Why GAO Did This Study
DOE’s contractor-operated laboratories perform mission-related research and development (R&D) for DOE, other federal agencies, and nonfederal organizations. In fiscal year 2015, these laboratories spent more than $13 billion on R&D and related operating expenses that supported DOE’s national nuclear security, energy resources, environmental management, and science programs. In addition to this work, DOE’s laboratories, including its three NNSA laboratories, perform LDRD work, under which directors of contractor-operated laboratories may allocate funding to scientists to conduct worthy independent research. The laboratories fund their LDRD programs by including a charge, up to statutory limits, in their indirect cost of doing R&D work for DOE, other federal agencies, and nonfederal organizations. Total funding for LDRD programs at the DOE laboratories was $542 million in fiscal year 2015—about 4.2 percent of the laboratories’ total operating and capital equipment budgets.
The Joint Explanatory Statement of the Committee of Conference accompanying the National Defense Authorization Act for Fiscal Year 2016 included a provision for GAO to assess the NNSA LDRD program’s funding limits and personnel levels. GAO was asked to review (1) funding limits on NNSA’s LDRD program compared to limits on similar programs at other DOE and DOD laboratories and (2) the number of personnel supported by LDRD funding at NNSA laboratories, including the number supported by LDRD for the majority of their time.

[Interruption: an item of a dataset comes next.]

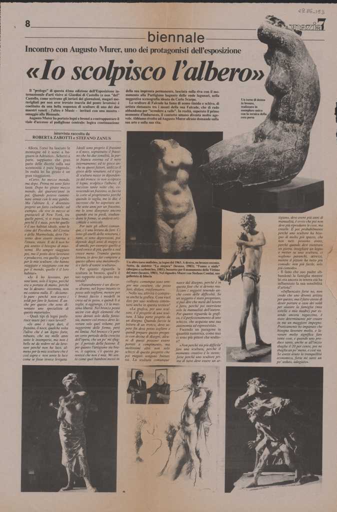 Απόκομμα, χαρτί, 48×32 εκ., στα ιταλικά, δημοσίευσης συνέντευξης του Augusto Murer, με αφορμή την συμμετοχή του στην 41η Μπιεννάλε Βενετίας.
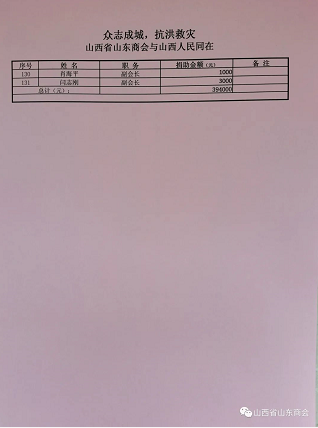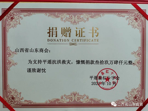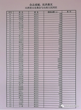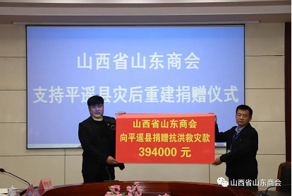 “爱心不分大小,爱心不论次数,爱心要长长久久,爱心要洋洋洒洒,温暖三晋大地,彰显鲁商情怀”!伊会长最后拍板,办公室立即发出倡议书,商会上上下下,立刻行动。短短三天时间,商会收到会长、副会长和办公室全体员工的爱心捐款39.4万元,同时决定把这笔善款定向捐赠平遥县人民政府,为支持平遥县灾后重建助一臂之力。

GAO reviewed LDRD funding limits, including recent legislative changes affecting the LDRD program, the DOE order governing the program, DOE’s LDRD report to Congress for fiscal year 2015, and the three NNSA laboratories’ LDRD plans for fiscal year 2015. GAO also reviewed the law authorizing the Section 219 program, the DOD instruction governing the ILIR program, and DOD annual reports on the Section 219 and ILIR programs. In addition, GAO interviewed DOE, DOD, and laboratory officials to determine how the laboratories applied the funding limits.
What GAO Recommends
GAO is not making any recommendations in this report.